The survey contrasted annuity professionals’ opinions about the most desirable annuity features over the past 12 months and during the coming year. Nearly 70 percent identified guaranteed lifetime withdrawal benefits (GLWB) as a “must have” feature for annuities sales during the preceding year, with no other options rising above 5 percent. Over the coming year, however,
GLWB dropped to 37 percent, as other benefits have become desirable, including “choice of combination benefits” (25%), “alternate index strategies or indices” (11%), and “principal preservation income riders” (10%).
But while respondents showed interest in products that offer “a choice of combination benefits,” 44 percent expressed a preference for manufacturers to develop “less complex product designs” during the next 12 months. Eighteen percent of respondents selected both “better illustration tools” and “improved mobile application tools” as an area of focus for annuity manufacturers in the coming year. Thirteen percent selected “multi-product platform solutions.”
These shifting demands on the part of annuity professionals – and ultimately their customers – require responsive changes in carrier technology supporting both distribution channels and back-end systems, according to Tom Benton, principal, Novarica. “Changes in the tech vendor space, such as the recent merger of iPipeline and Aplifi, along with increased carrier interest in modern policy administration systems, could mean that carriers dependent on development for new product lines will have longer lead times to launch products,” says Benton. “Carriers may also see delays if their annuity administration systems do not support a flexible product development process.”

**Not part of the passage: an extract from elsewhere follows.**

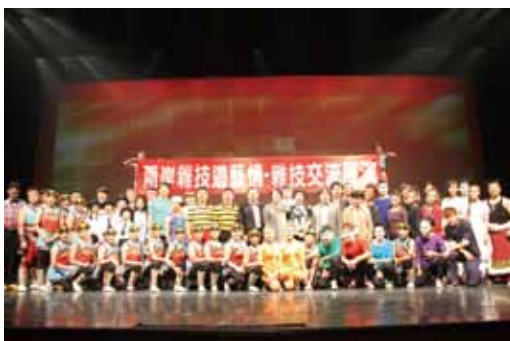
兩岸演出人員合影

“The Phoenix Companies survey points out the pressures on carrier IT teams and vendors to provide changes for products customers want, but to do so with a response closer to ‘Internet time’ – much faster than they have been able to provide in the past,” Benton adds.
Providing an increasing range of products and features has been critical to carriers’ competitive position for some time, with other riders having dominated demand in recent years, according to Rob McIsaac, principal, Novarica. “This highlights the need for carriers to have more flexible and responsive systems,” he says.
The current shift in demand may help fuel carriers’ review of their current capabilities and, in turn, stimulate interest in policy administration platforms, McIsaac notes. “I suspect this could also create a need for carriers to think more about how to segment new business efforts from legacy products and closed books of business,” he adds. “It’s hard to climb a mountain with an elephant on your back.”